On Tue, Jun 08, 2021 at 12:34:04PM -0500, Justin Pryzby wrote:
> On Tue, Jun 08, 2021 at 12:06:02PM -0400, Alvaro Herrera wrote:
> > On 2021-Jun-06, Justin Pryzby wrote:
> >
> > > However, I also found an autovacuum chewing 100% CPU, and it appears the
> > > problem is actually because autovacuum has locked a page of pg-statistic, and
> > > every other process then gets stuck waiting in the planner. I checked a few
> > > and found these:
> >
> > Hmm ... I wonder if this could be related to commits d9d076222f5b,
> > c98763bf51bf, etc. I don't have any connecting thoughts other than the
> > tuple visibility code being involved.
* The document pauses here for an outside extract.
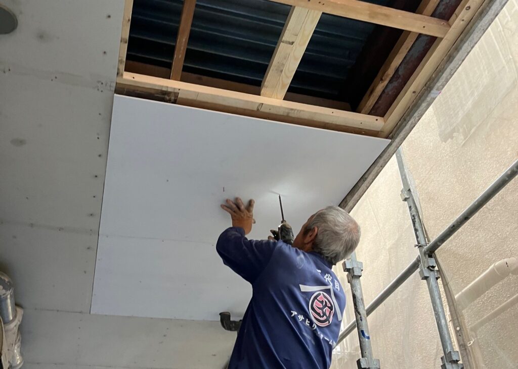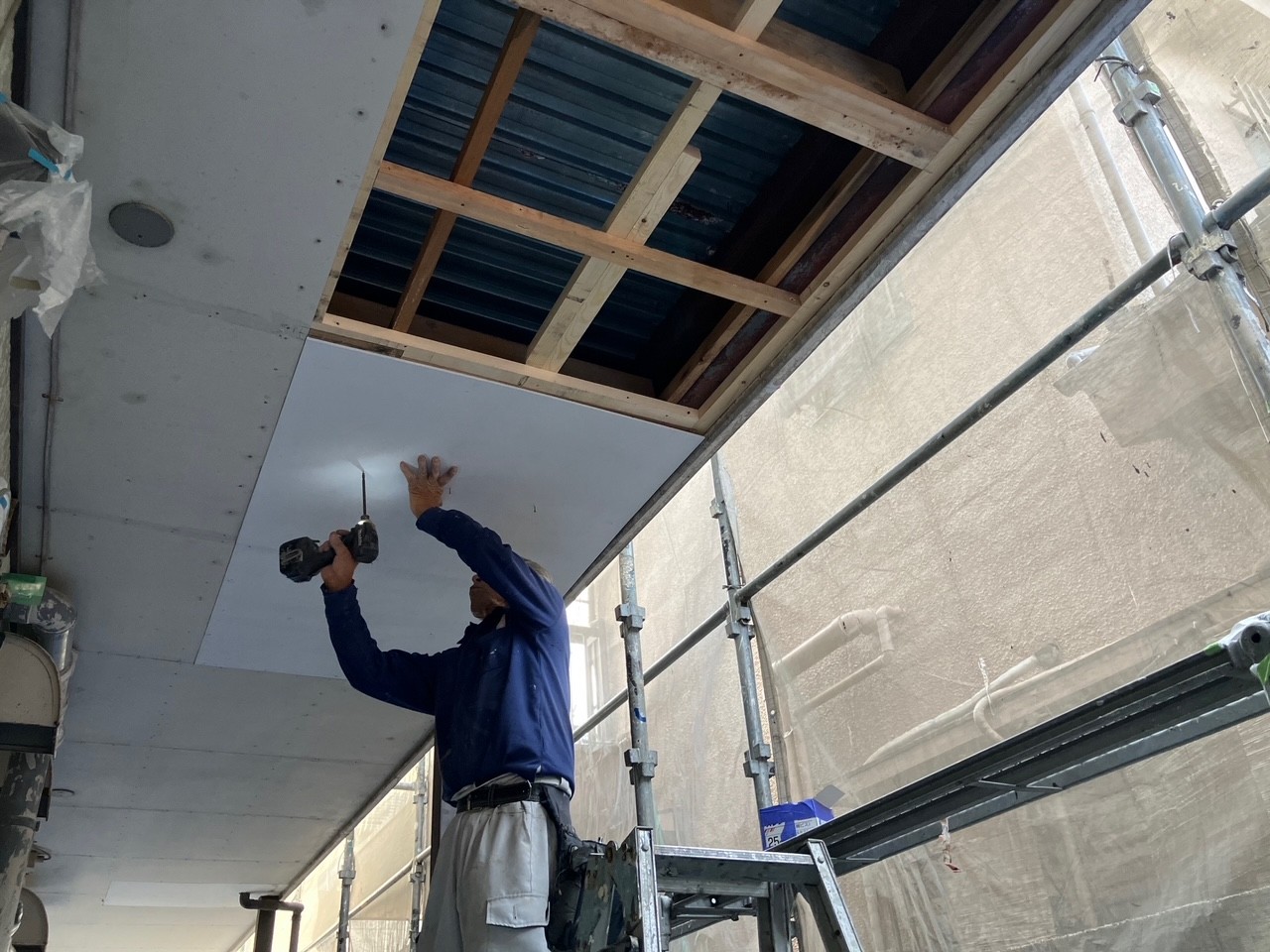 腐ってしまった軒天は大工さんに交換してもらいます🪚

Do you see any procs with the
> > PROC_IN_SAFE_IC flag set?
>
> I do have a reindex script which runs CIC, and it does looks suspicious.
>
> <<Mon Jun 7 22:00:54 CDT 2021: starting db=ts
> ...
> Mon Jun 7 22:02:57 CDT 2021: ts: pg_statio_all_tables_snap: pg_statio_all_tables_snap_t_idx(reindex non-partitioned)...
> ERROR: canceling statement due to statement timeout
> reindex: warning, dropping invalid/unswapped index: pg_statio_all_tables_snap_t_idx_ccnew
> Mon Jun 7 23:02:57 CDT 2021: ts: pg_statio_all_tables_snap: pg_toast.pg_toast_33011_index(reindex system)...
> Mon Jun 7 23:02:57 CDT 2021: ts: pg_statio_all_indexes_snap: pg_statio_all_indexes_snap_t_idx(reindex non-partitioned)...
> ERROR: canceling statement due to statement timeout
> reindex: warning, dropping invalid/unswapped index: pg_statio_all_indexes_snap_t_idx_ccnew
> Tue Jun 8 00:02:57 CDT 2021: ts: pg_statio_all_indexes_snap: pg_toast.pg_toast_33020_index(reindex system)...
> Tue Jun 8 01:21:20 CDT 2021: ts: permissions: perm_group_idx(reindex non-partitioned)...
> ERROR: canceling statement due to statement timeout
> reindex: warning, dropping invalid/unswapped index: perm_group_idx_ccnew
> Tue Jun 8 02:21:20 CDT 2021: ts: permissions: perm_user_idx(reindex non-partitioned)...
> ERROR: canceling statement due to statement timeout
> reindex: warning, dropping invalid/unswapped index: perm_user_idx_ccnew
> Tue Jun 8 03:21:20 CDT 2021: ts: permissions: pg_toast.pg_toast_33577_index(reindex system)...
> Tue Jun 8 03:21:20 CDT 2021: ts: patchfiles: patchfiles_filename_idx(reindex non-partitioned)...
> ERROR: canceling statement due to statement timeout
> reindex: warning, dropping invalid/unswapped index: patchfiles_filename_idx_ccnew
> Tue Jun 8 04:21:21 CDT 2021: ts: patchfiles: patchfiles_pkey(reindex non-partitioned)...
> ERROR: canceling statement due to statement timeout
> reindex: warning, dropping invalid/unswapped index: patchfiles_pkey_ccnew
>
> => It's strange that these timed out, since the statio tables are less than
> 15MB, and permissions and patchfiles are both under 100kB.
>
> And it seems to say that it time out after less than 1sec.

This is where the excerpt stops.